Out now:
“A Queer Constitutional History of Loss: Mayes v. Texas (1974) and the Struggle for the Right to Be Trans in Public in the 1970s,” Journal of American Constitutional History (2025), https://repository.law.wisc.edu/s/uwlaw/media/329662.
Scott De Orio, Ph.D., is a political and legal historian whose research focuses on the history of the regulation and criminalization of LGBTQ+ people in the twentieth-century, both in the United States and transnationally. His first book project, Policing Gay Sex: Male Homosexuality and the Expansion of the Carceral State in Modern America (in production) shows how the policing of gay sex has been implicated in the expansion of the American carceral state and the rise of mass incarceration. He is also at work on a second book project titled The Children’s Crusade: Policing Pedophilia in the Modern Transatlantic World.
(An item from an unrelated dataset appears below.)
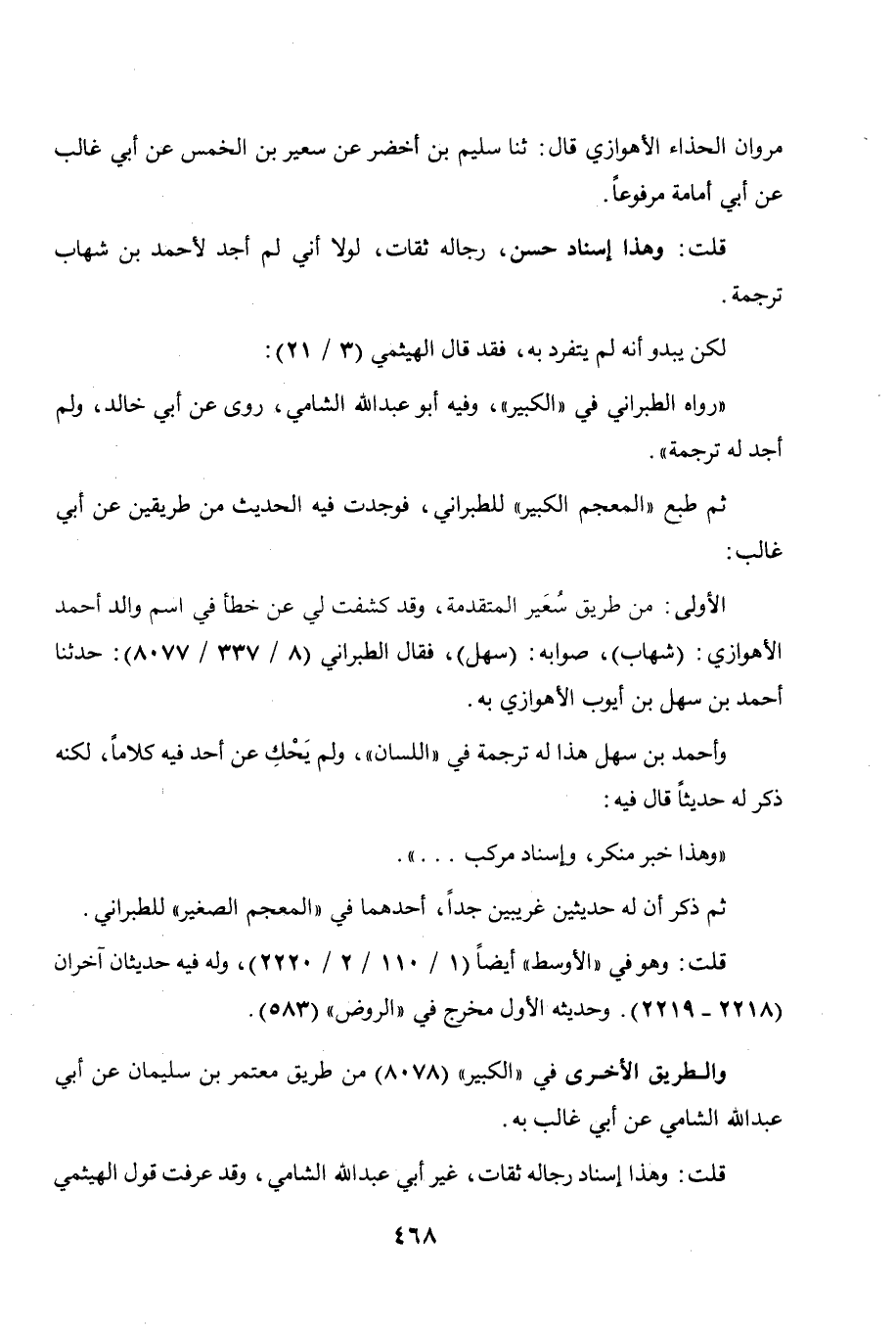 كشفت لي عن خطأ في اسم والد أحمد الأهوازي: (شهاب) ، صوابه: (سهل) ، فقال

From 2018–20, De Orio was a Mellon Postdoctoral Fellow at the Sexualities Project at Northwestern University, and was awarded the 2019 John D’Emilio LGBTQ History Dissertation Award from the Organization of American Historians. His writing has appeared or will appear in the Journal of the History of Sexuality, Law & Social Inquiry, the Journal of American Constitutional History, and the edited collection The War on Sex (Duke, 2017).